**Extracted data entries:**

_ _ _

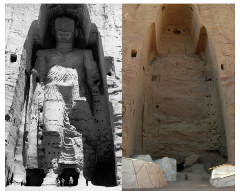
被塔利班炸毁的巴米扬大佛。左为被炸毁前。

大部分网民批评中共官媒“为这种反人类的政权背书”“给塔利班洗白是最没有人性的行为”。在微信博客“哲学”上一个“塔利班是阿富汗人民的选择吗？”的帖子，被阅读了超过10万次，并在社交媒体平台上广泛分享，但周四被网管删除。
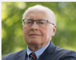
PROREKTOR DS. INFORMATYZACJI
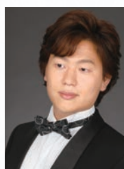
迎 肇聡 (バリトン)
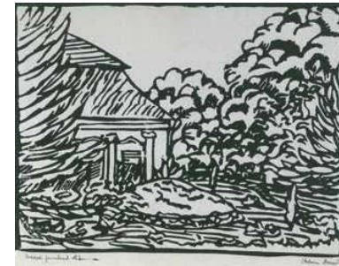
3. Orbán Dezső: A körtvélyesi kúria a kerttel , 1912 körül
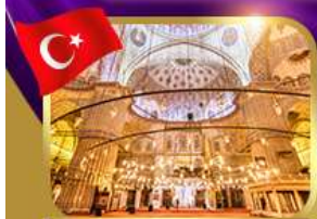
เข้าชมความงามสุเหร่าสีน้ำเงิน
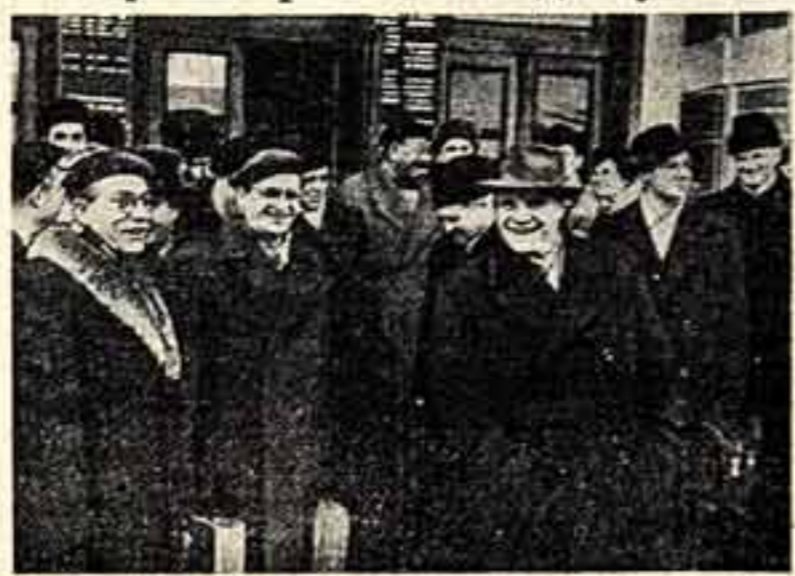
Вчера в Москве в Германской Демократической Республике по приглашению Министерства культуры СССР прибыл Лейпцигский симфонический оркестр «Гевандхауз». На снимке: встреча оркестра «Гевандхауз» на белорусском вокзале в Москве.

Начинающий сегодня в Москве свои концертные выступления симфонический оркестр «Гевандхауз» приезжает в нашу страну впервые.

_ _ _

**EXERCISE OBJECTIVE:**
Starting where a line contains "PROREKTOR DS. INFORMATYZACJI" and finishing at the last line above, set down every line exactly as it reads, with no pictures.

**TASK ANSWER:**
PROREKTOR DS. INFORMATYZACJI
迎 肇聡 (バリトン)
3. Orbán Dezső: A körtvélyesi kúria a kerttel , 1912 körül
เข้าชมความงามสุเหร่าสีน้ำเงิน
Вчера в Москве в Германской Демократической Республике по приглашению Министерства культуры СССР прибыл Лейпцигский симфонический оркестр «Гевандхауз». На снимке: встреча оркестра «Гевандхауз» на белорусском вокзале в Москве.

Начинающий сегодня в Москве свои концертные выступления симфонический оркестр «Гевандхауз» приезжает в нашу страну впервые.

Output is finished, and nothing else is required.